- How many hours can be considered healthy for a child or teenager to play on a computer, Xbox, cell phone, etc.?
- We've agreed on a 3-hour daily screen time limit at home, but my son doesn't respect it because he doesn't think it's enough. He gets angry and won't stop. What should we do? Should we take it away by force?
- If students have to use screens at home for academic purposes, how can we "control" that they don't misuse them when doing schoolwork without their parents being present?
- How can we make teenagers understand the consequences of overexposure to screens?
- Is it okay for a child under 2 years old to already be interacting with screens?
- At what age can we introduce screens and in what way?
- My 6-year-old son has just started playing Nintendo and keeps asking for my phone to play games or watch YouTube. He does several extracurricular activities, goes to the hiking club, and plays with his friends the rest of the time, but at home he just wants to look at screens. Should I set a time limit?
- How do you manage a child who won't put their phone down when they have to study, neglecting their studies and responsibilities at home?
- When they're little, we set limits; you can even just take away their technology. But at certain ages, you set time limits, and there are days when it's harder to get them to listen because they seem to be frustrated with the world. Then you can't take away their technology so easily. What do we do?
- I would like an alternative to blackmail or the punishment of taking away the console if he doesn't do his homework first.
- How can we manage our children's privacy by monitoring or not monitoring the content of their conversations?
- How can we explain to our children what things are private and what things are so private that they shouldn't be shared even in private?

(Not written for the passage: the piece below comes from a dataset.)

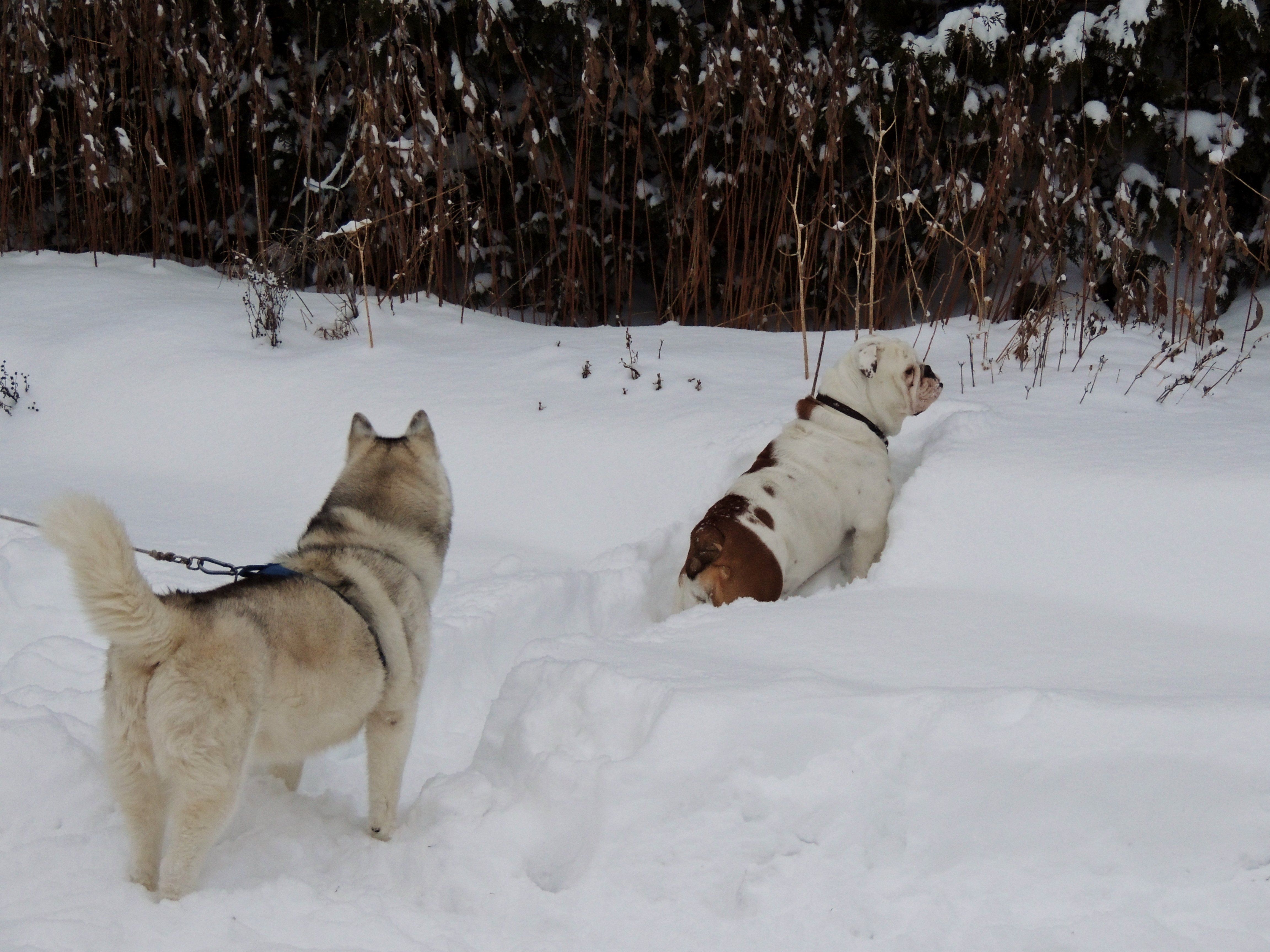 As I said Tilly thought she was a Husky and for the life of her could not figure out why she gets stuck in the snow and Willow Would not , Here she broke thru the crust and was struck till Willow came and sort of broke trail for her to get out lol
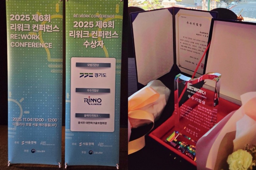린노알미늄은 ‘2025 중소기업융합대전’에서 협업과 혁신의 모범사례로 소개된 데 이어, ‘제6회 리워크 컨퍼런스’에서 ‘우수기업상’을 수상했다.

- How can I teach her responsible screen use if she sees me constantly using them for remote work?
- Can addiction manifest as a pure obsession? That is, without any outwardly visible compulsion, only as ruminative thought?
- I think my daughter uses her mobile phone excessively, how can I tell if she has a mobile phone addiction?
- When a child under 14 may have a possible screen addiction, is one of the first symptoms aggression? Is it normal for them to notice that there are states that create anxiety and that they cannot control this aggression and impulsivity?
- What guidelines can we follow to help a 19-year-old stop being addicted?
- When there is an addiction, what should be done to wean the person off screens?
If students have to use screens at home for academic purposes, how can we "control" that they don't misuse them when doing schoolwork without their parents being present?
The truth is, there's no foolproof way to "control" them and prevent them from doing what we don't want them to do, especially when we're not around. But this isn't just a problem with screens, is it? I mean, there are some parental control apps and devices to reduce this risk, but they're not infallible. A good approach is to act as we have in the past (for example, when they first start going out alone): we need to make sure they understand the risks, that they have the tools to manage them, and once that's done, we can start with trial and error. If the trial goes well, we give them a little more autonomy; if not, we take a step back and review what didn't work, without blaming them for the mistake.
Specifically, it is often helpful to reduce the risk of doing other activities while doing homework (leaving the mobile phone somewhere else, not having the television on, etc.), set a time to do homework and then leave time to use screens for leisure, supervise or accompany these moments and talk with our sons and daughters so that together we can see what works and what doesn't.